Il punto è che l’attitudine allo studio non si viene a generare attraverso le coercizioni e le punizioni, anzi, questi strumenti si sono rivelati deleteri tanto da far pensare che potrebbero persino essere del tutto abbandonati. A tal proposito citiamo i dati Ocse 2015 che evidenziano come l’Italia sia il paese che boccia di più in Europa con una percentuale del 16% contro il 12% (media europea). Inoltre questo strumento pare venga utilizzato con maggiore frequenza negli istituti tecnici e professionali piuttosto che nei licei. Secondo queste stime ben il 26% degli studenti bocciati ha un reddito basso ed un consistente 30% sono studenti migranti, a confermare come la bocciatura riproduca disugualianze, per dirla con le parole di Don Milani “La scuola ha un unico problema: gli studenti che perde”. Ci sembra doveroso ricordare, inoltre, che il 16% degli studenti bocciati l’anno seguente non consegue ugualmente il successo formativo.
Ma da cosa dipende l’attitudine allo studio? Sicuramente da un insieme più complesso di fattori, dal metodo scolastico a tutto un insieme di campi che vengono attraversati e che formano l’habitus; per fare un esempio, in assenza di forme di reddito indiretto per gli studenti, la famiglia ha un ruolo centrale nella formazione e quindi nella possibilità o meno di accedere ai canali culturali. Si potrebbe citare Bourdieu, ma anche Gramsci che su questo aspetto anticipò il sociologo francese nei Quaderni dal carcere: “In una serie di famiglie, specialmente dei ceti intellettuali, i ragazzi trovano nella vita familiare una preparazione, un prolungamento e un’integrazione della vita scolastica, assorbono, come si dice, dall’”aria” tutta una quantità di nozioni e di attitudini che facilitano la carriera scolastica propriamente detta”. La scuola dunque dovrebbe essere quel luogo che sopperisce alle disuguaglianze di partenza, permettendo a tutti di formarsi accedendo all’istruzione tanto formale quanto informale.

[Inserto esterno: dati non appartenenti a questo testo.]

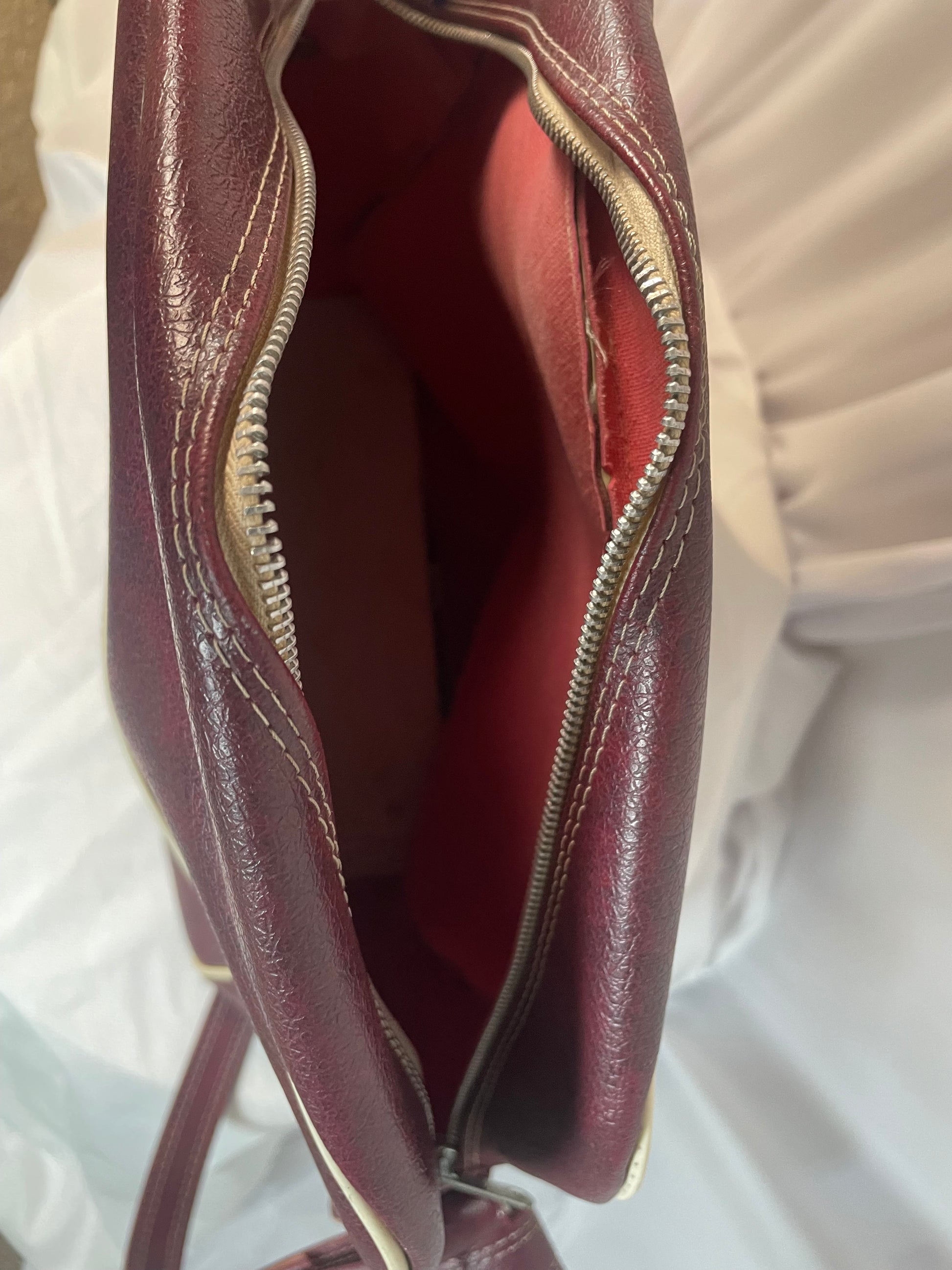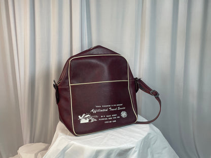 Burgundy faux-leather vintage travel bag from Affiliated Travel Services, Flushing, NY. It says “Your Pleasure is Our Business” with a cool, retro airport logo. Has a shoulder strap that can also be used cross-body if desired.

Se è vero che Gramsci riteneva si dovesse porre un limite all’educazione libertaria, è altrettanto vero però che il filosofo sardo propose un modello educativo che passasse dalla “scuola attiva” alla “scuola creativa”, in cui l’insegnante altro non è che una “guida amichevole”. Un modello di scuola più creativa, più democratica e orizzontale, più interessante e con programmi didattici organizzati in modo differente, potrebbe di fatto stimolare maggiormente lo studio. Coniglione però, al contrario, propone la conservazione dell’esistente, con tutte le conseguenze annesse: la frustrazione, la rabbia, l’angoscia vengono accettate perché funzionali allo sviluppo dell’attitudine allo studio, e non ci si interroga se questi, raggiunto un limite, al contrario possano anche contribuire all’espulsione degli studenti dai luoghi della formazione. La scuola di oggi tende sempre più ad essere quell’ “istituzione totale” di cui parlava Goffman, ovvero un elemento che, partendo dalla necessità di disciplinare la società per ripulirla dagli “errori”, dal non- conforme, deve ordinare ogni passaggio della vita di un soggetto, in questo caso gli studenti. A questo scopo servono anche strumenti come il limite delle cinquanta assenze nelle scuole superiori ed il voto in “condotta”. Disciplina, intesa in termini gramsciani, come attitudine allo studio e non come educazione unilaterale è un concetto di cui riappropriarci con il fine di smantellare una divisione disuguale. L’emarginazione sociale, unita allo stigma della bocciatura sono, infatti, le culle dell’abbandono scolastico.
Stesso discorso vale per l’università. Allora come non pensare ad un ragionamento complessivo per il mondo della formazione, slegato dalle logiche quantificative e competitive propinate da un modello come l’Anvur per le università e le Invalsi per le scuole? Accettare il voto asetticamente, così come la classificazione e la bocciatura, significa anche subire passivamente la valutazione dell’Agenzia Nazionale di Valutazione del sistema Universitario e della Ricerca, metodo ampiamente criticato anche nella comunità accademica.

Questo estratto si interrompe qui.